Twenty-six-year-old Tim Wilson looked exhausted as he walked into the main terminal at Denver International Airport on Wednesday, just days after securing release from a Japanese legal system that is well known for its tough anti-drug stance.
"Eventually it started feeling like it was never going to end," Wilson said in his first media interview since his arrest in Japan in August of last year.
Wilson was an exchange student at the time, studying at Tohuku University in Sendai.
It was during the spring of last year when a friend in Colorado mailed, among other things, three cookies and four pieces of candy infused with marijuana. The package never made it to Wilson's apartment in Japan, as it was flagged by officials at Japanese customs.
In August, Japanese authorities arrested Wilson.
"Right from the beginning, my first lawyer said he thought there would be no trial, just a 20-day investigation. At the end there would be no indictment and I'd be released without any charges," Wilson said on Wednesday.
Six months later, a Japanese court decided to hand down a suspended sentence and allowed Wilson to go free.
He still can't believe just how many people back in the United States worked to get him out of jail. His parents contacted Rep. Ed. Perlmutter (D-Colorado) and his office to see if something could be done on a diplomatic level. They also contacted lawyers both in Colorado and Japan seeking advice.
Officials from Perlmutter's office were also at DIA to welcome Wilson home.
"I wouldn't know where to begin with trying to repay all of the people who helped me," Wilson said.
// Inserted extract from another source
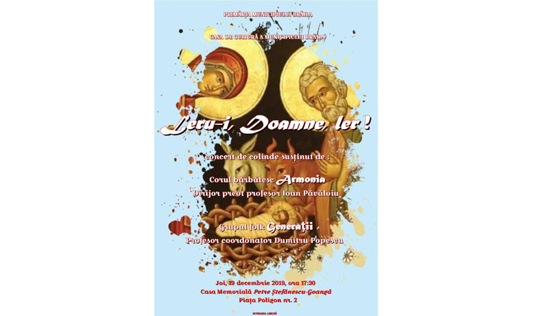 Joi, 19 decembrie 2019, de la ora 17.30, la Casa Memorială “Petre Ştefănescu-Goangă” va avea loc tradiţionalul Concert de Crăciun, în aşteptarea luminosului praznic al Naşterii Domnului.

He spent most of his time in two detention facilities in the Sendai area.
"On weekdays, you'd get up and have breakfast around 8, then it was lunch at noon, dinner at 4, lights out at 9, and then up again at 8 the next morning," he said.
He says he never felt unsafe in any of the facilities and admitted to being quite bored.
"I tried to remember every song I had ever had in my head so I could provide my own soundtracks," he said.
He doesn't harbor any bad feelings for Japanese authorities. In fact, he says he deeply wants to return to Japan as soon as possible.
"I'm fascinated by the language. I'm fascinated by the history of the country," Wilson said. "I want to try as hard as I can to resume what was my goal was before, which was to live and work in Japan."
The nearly straight-A student says he'd like to pursue a career in theoretical chemistry, hinting he'd love to be a professor one day. He also says he doesn't blame the friend who sent the package.